From my point of view:

• Raw pointers are bad

• Comments in code are bad - use functions instead

Main:

• Are these forward declarations really needed?

  // forward declares
  size_t get_payload_size(const char* stream, size_t length);
  void print_line(const char* line, const size_t length, const size_t protocol_header_length);
  void handle_line(ring_buffer& data, const bool print_all, const size_t protocol_header_length);
  std::string get_timestamp(double timestamp, char date_delimeter = '/', char time_delimiter = ':');
  

• This should be a separate function:

  // get protocol header part
  char* start = new char[protocol_header_length + 1]();
  memcpy(start, line, protocol_header_length);
  start[protocol_header_length] = '\0';
  std::cout << start << " ";
  delete[] start;
  

  I would use std::vector instead of raw pointers. With std::vector I would use std::copy.

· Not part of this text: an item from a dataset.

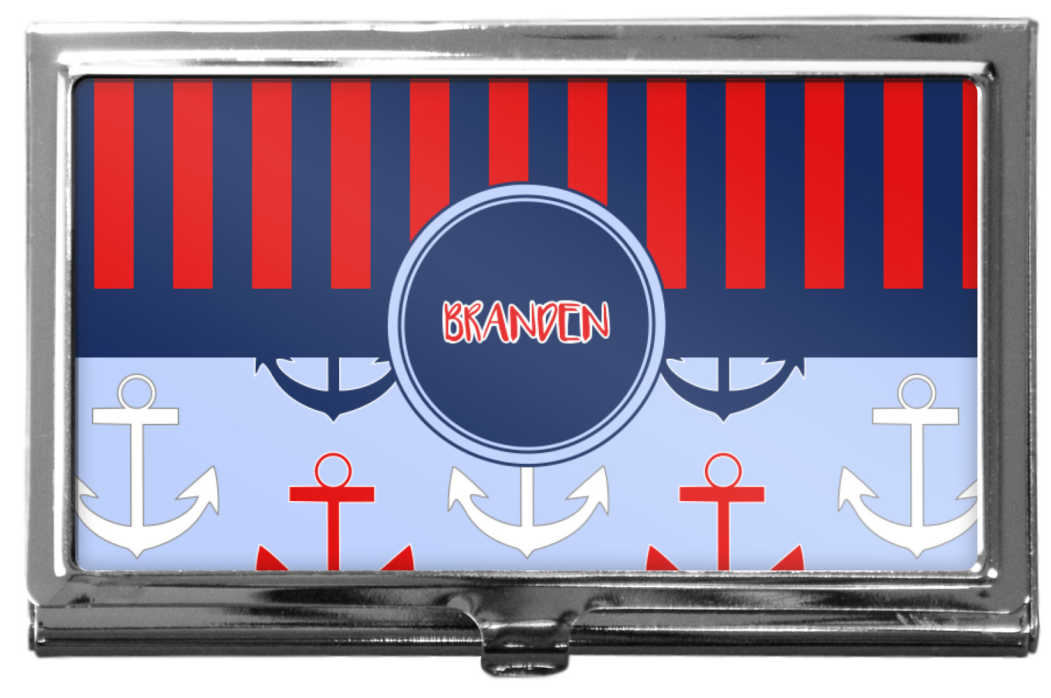 Our personalized business card holders are built from a robust, stainless steel and shaped into a sleek rectangle. At 3.75" x 2.5", and 0.25" thick, this nifty accessory holds up to 12 to 15 business cards, depending on the thickness of the cards themselves. Regardless, the skinny style makes it the perfect fit for your purse or pocket. The lid of your custom business card holder features a protruding tab to open and close your holder with a snap. To protect the mint condition of your cards, the interior of this metal business card holder is lined with a soft, felt fabric. We print your personalized design across the face of the lid.

• Why do you have assert in your code?

  assert(length - start_pos == data_size);
  

  What does it mean when it fails? What should the user do with it? What would happen when you compile your project with NDEBUG and assertion should fail, but it's not here?

• This should be a separate function:

  // Modified Julian to DMY calculation with an addition of 2415019
  int l = days + 68569 + 2415019;
  int n = int((4 * l) / 146097);
  l = l - int((146097 * n + 3) / 4);
  int i = int((4000 * (l + 1)) / 1461001);
  l = l - int((1461 * i) / 4) + 31;
  int j = int((80 * l) / 2447);
  day = l - int((2447 * j) / 80);
  l = int(j / 11);
  month = j + 2 - (12 * l);
  year = 100 * (n - 49) + i + l;
  

  Why do you have so many magic numbers? What do 2415019 and 146097 mean?

ring_buffer.hpp

• This comment is not necessary: // do not allow copy

• I would replace the RING_BUFFER_HPP_ guard with #pragma once. (please read the discussion in comments)

• Do you really need the raw pointer uint8_t* buffer_ with the new operator? Maybe it could be replaced with std:vector?

• #include <stdint.h> is already included in the header file.